## [Required action]
Please reproduce the data exactly and omit the pictures.

## [Provided material]

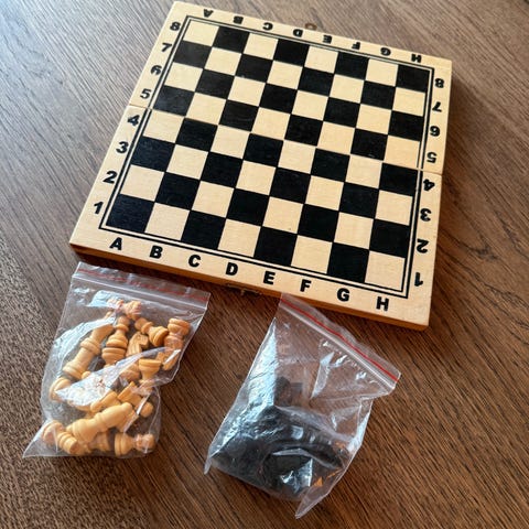 Shakkipeli, jossa muoviset mustat ja valkoiset nappulat sekä rullattava pelilauta. Ylimääräiset kuningattaret.
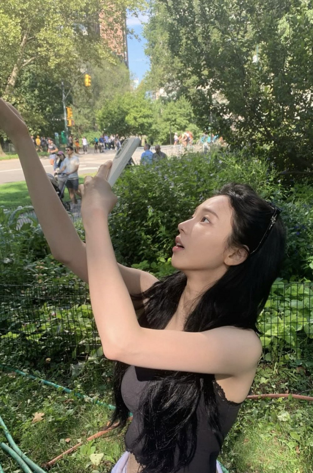 Her naturally flowing waves framed her face softly, giving off an effortless, star-like aura that fits perfectly into everyday life. The front bangs revealing her forehead, paired with the voluminous yet casually tousled hairstyle, harmonized beautifully with New York’s free-spirited vibe.
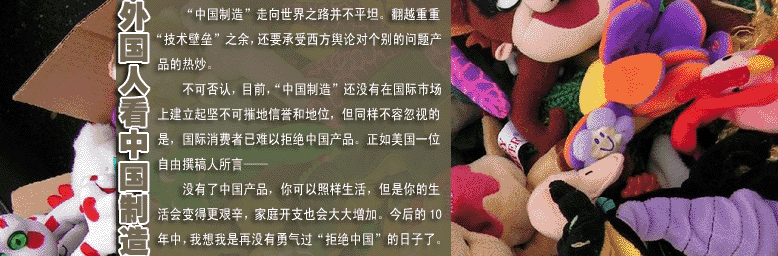 英國連鎖玩具店哈姆利對小朋友們有著非凡的吸引力。位于倫敦著名商業街攝政街上的哈姆利總店總是一派熱鬧景象。在這家店里,帶“中國制造”標簽的玩具比比皆是。店員和顧客也都稱贊說,來自中國的玩具造型可愛,是孩子們的好伙伴。這座六層高的建筑就像一個游樂園,進門十幾步遠處有一座“模擬叢林”,仿真的獅子、大猩猩、長臂猿、長頸鹿向光顧的客人在招手。[詳情] | |
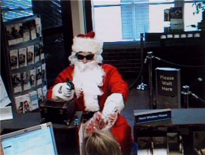 한 목격자는 “머리 끝에서부터 발 끝까지 산타 복장을 하고 까만 선글라스까지 쓴 강도가 권총을 꺼내 들고 행원들에게 작고 빨간 배낭에 돈을 넣으라고 소리쳤다”고 말했다.
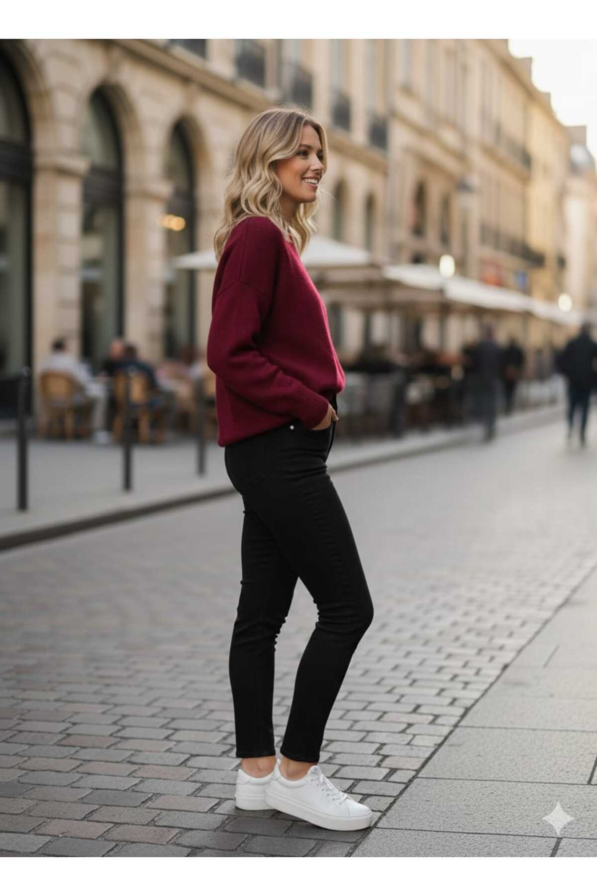 - Bordo bisiklet yaka oversize triko kazak, rahat ve şık bir görünüm sunar.
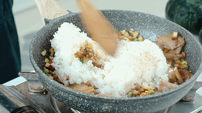③锅内倒入五花肉,翻炒至熟,倒入香菇粒炒匀,再倒入第2步焯好的玉米粒、胡萝卜粒、豌豆粒,翻炒片刻,加入沙茶酱、蚝油,翻炒均匀。再倒入煮好的米饭,把米饭炒散
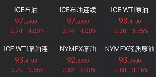 股市受挫的同时,国际油价集体走高,布油、WTI原油均上涨3%以上,尾盘布伦特原油期货一度破97美元/桶,创下近七年历史新高,NYMEX原油上涨2.9%。
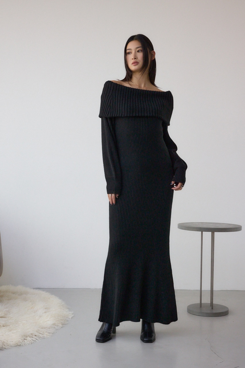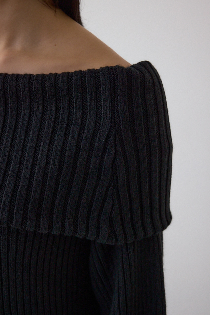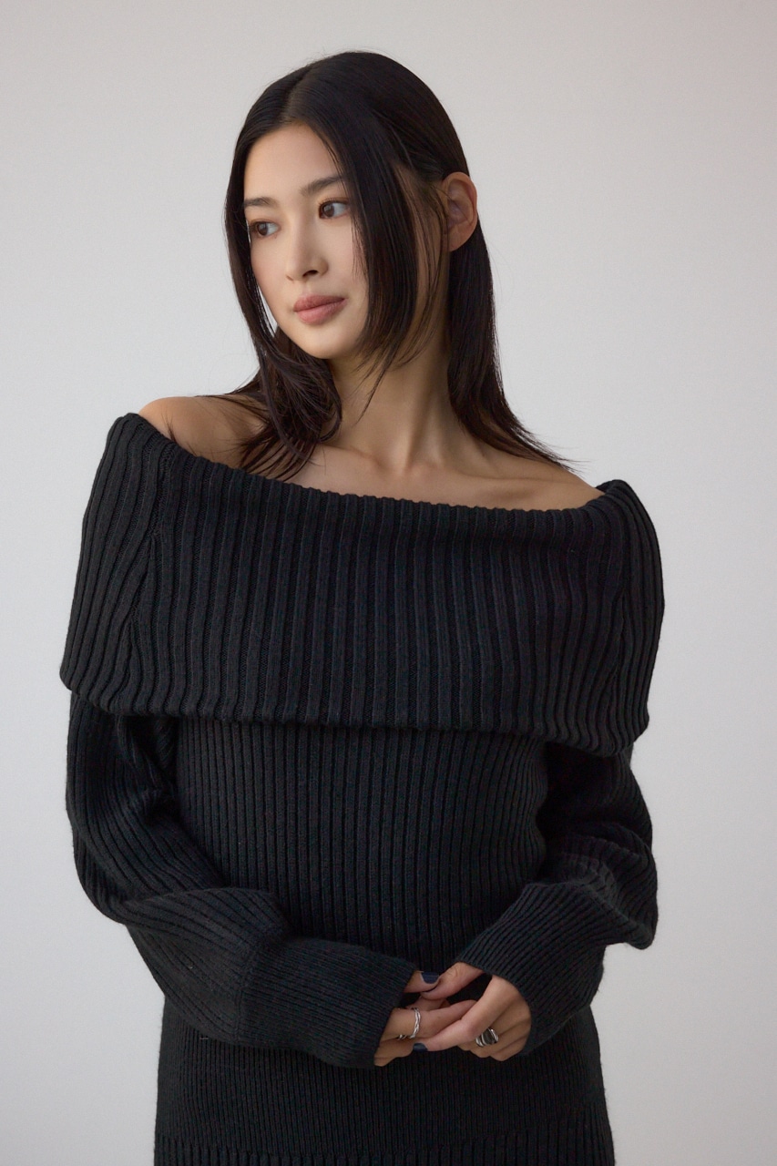 デコルテラインを美しく見せる、大胆なオフショルダーデザイン。

## [Exercise output]
 Shakkipeli, jossa muoviset mustat ja valkoiset nappulat sekä rullattava pelilauta. Ylimääräiset kuningattaret.
 Her naturally flowing waves framed her face softly, giving off an effortless, star-like aura that fits perfectly into everyday life. The front bangs revealing her forehead, paired with the voluminous yet casually tousled hairstyle, harmonized beautifully with New York’s free-spirited vibe.
 英國連鎖玩具店哈姆利對小朋友們有著非凡的吸引力。位于倫敦著名商業街攝政街上的哈姆利總店總是一派熱鬧景象。在這家店里,帶“中國制造”標簽的玩具比比皆是。店員和顧客也都稱贊說,來自中國的玩具造型可愛,是孩子們的好伙伴。這座六層高的建筑就像一個游樂園,進門十幾步遠處有一座“模擬叢林”,仿真的獅子、大猩猩、長臂猿、長頸鹿向光顧的客人在招手。[詳情] | |
 한 목격자는 “머리 끝에서부터 발 끝까지 산타 복장을 하고 까만 선글라스까지 쓴 강도가 권총을 꺼내 들고 행원들에게 작고 빨간 배낭에 돈을 넣으라고 소리쳤다”고 말했다.
 - Bordo bisiklet yaka oversize triko kazak, rahat ve şık bir görünüm sunar.
③锅内倒入五花肉,翻炒至熟,倒入香菇粒炒匀,再倒入第2步焯好的玉米粒、胡萝卜粒、豌豆粒,翻炒片刻,加入沙茶酱、蚝油,翻炒均匀。再倒入煮好的米饭,把米饭炒散
 股市受挫的同时,国际油价集体走高,布油、WTI原油均上涨3%以上,尾盘布伦特原油期货一度破97美元/桶,创下近七年历史新高,NYMEX原油上涨2.9%。
 デコルテラインを美しく見せる、大胆なオフショルダーデザイン。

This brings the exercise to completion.